The Timid Soul Toys With Fascism
The authoritarian strain in modern democracies has only heightened since I first posted this bit of cartoon wisdom several years ago. In 1937, H.T. Webster’s Casper Milquetoast (The Timid Soul) responds to Italy’s Benito Mussolini and Germany’s Adolph Hitler with his own fantasy of assertiveness. This 1937 vision of fascism’s psychological appeal to feelings of personal disempowerment is eerily relevant to the current ethos. Webster perceptively understands how the personal and political entwine around identity. And through Casper he renders it as a will to power that is at once frightening but also silly and petty. Webster even seems to understand something American liberals are only now grasping: the most effective response to bro-aviating fascist cosplay is ridicule.
But more than the prescience and enduring relevance of Webster’s 1937 strip, this sequence is a great example of the special powers of the cartoon arts. They can show, not just tell, rich ideas. Webster brings greater depth and impact to an insight through sequential illustration than we would get from the description of language alone. He shows us panel by panel the process of Casper responding to imagery and internalizing it into self-reflection – literally, in front of a mirror – mimicking the despot’s power. And then he twists it into satire: the fantasy of power congratulating itself by terrorizing an unsuspecting cat. Psychologists and political scientists no doubt have filled reams of analysis about how authoritarianism appeals to popular feelings of alienation and disempowerment. But somehow Webster brings it to life in a unique and impactful way here.

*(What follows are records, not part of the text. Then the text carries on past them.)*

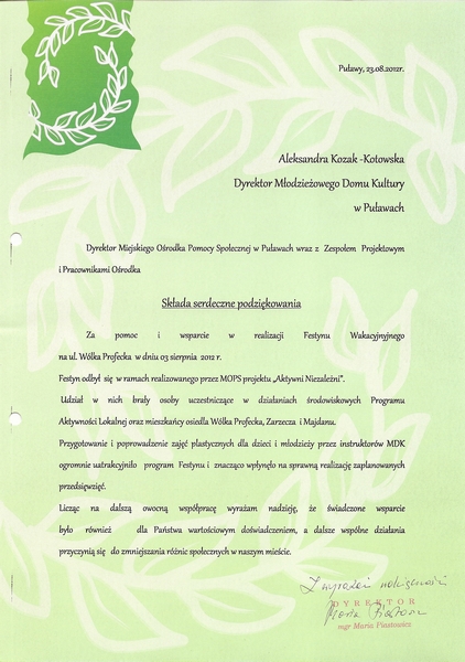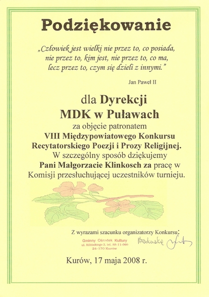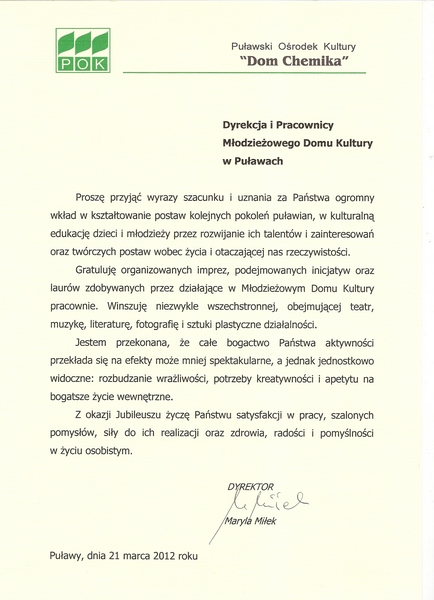 UWAGA !!! GRATULACJE Z OKAZJI 60-LECIA MDK-PUŁAWY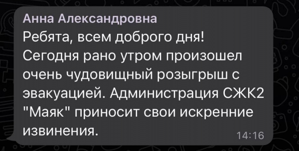 Впоследствии в администрации «Маяка» сказали студентам, что это был «чудовищный розыгрыш с эвакуацией» и принесли извинения.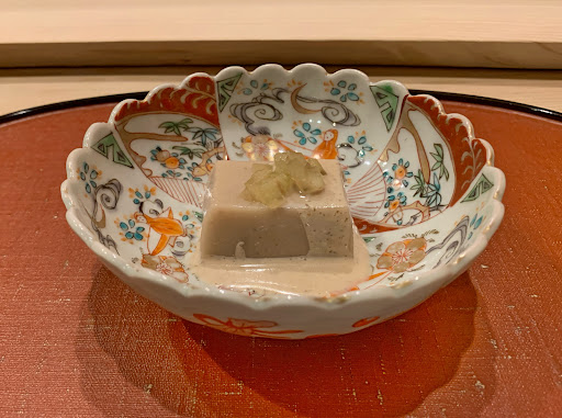 🟩お任せコース (11,000円 税込+サ) ・胡桃豆腐 ブドウ・天晴(あっぱれ)添え 胡桃の味わいを活かす上で胡麻を加えているそうです。 タレは胡麻ダレです。 葡萄のアクセントが印象的。 ・湯葉のしんじょ、ホウキダケの椀 ・鰹のたたき ・鰆、わかさぎの煮物、さつまいものレモン煮、カラスミ ・ふたご里芋の揚げ物、茹で落花生、新生姜のガリ ・飛龍頭、牡蠣の焚き合わせ ・アミタケ、天然シメジ、ナラタケ、鶏の雑炊 ・ポポのアイスクリーム ポポ旨いんです!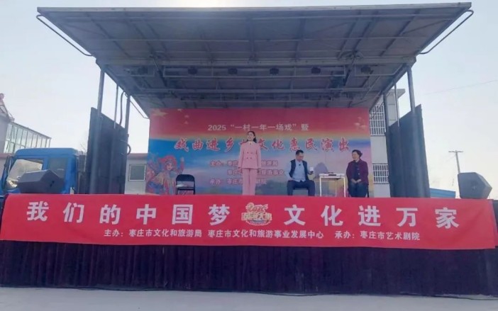 為進(jìn)一步豐富廣大群眾精神文化生活,助力鄉(xiāng)村文化振興,1月3日,由棗莊市文化和旅游局、棗莊市文化和旅游事業(yè)發(fā)展中心主辦,棗莊市藝術(shù)劇院承辦的2025年度“一村一年一場戲”暨戲曲進(jìn)鄉(xiāng)村文化惠民演出活動(dòng)在北莊鎮(zhèn)北莊村、半湖村輪番上演,將文藝演出直接送到群眾家門口,讓村民足不出戶就能享受到豐富的“文化大餐”。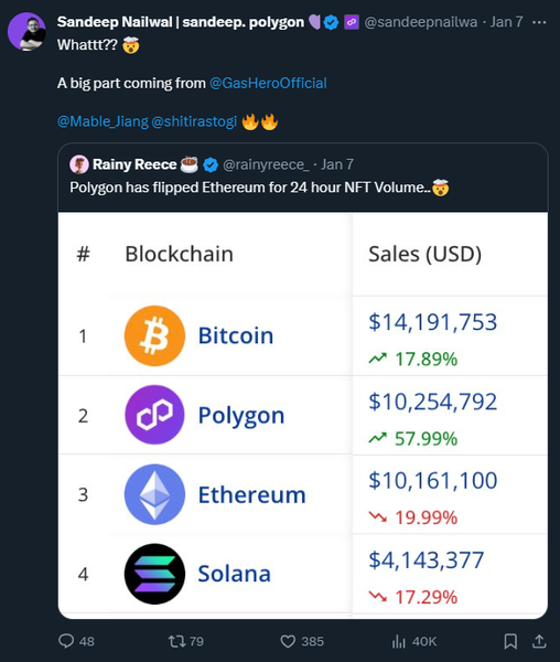 This past weekend for a brief period, Polygon NFTs also flipped Ethereum in the 24h charts.

The beloved H.T. Webster (1885-1952) drew a range of political and slice of life cartoons across the 20s and 30s. Generally he was known for gentle satires of middle class life and nostalgic takes on bygone boyhood. His most famous contribution to the daily funnies (and American language) was The Timid Soul, which focused on the beleaguered and unassertive Casper Milquetoast who struggled with his own timidity in the face of an increasingly brash, intrusive America. In fact, Casper’s name entered into the language as the familiar descriptor of bland and weak. Casper’s attempts to break out of his own wimpy response to the world is the source of The Timid Soul’s light comedy.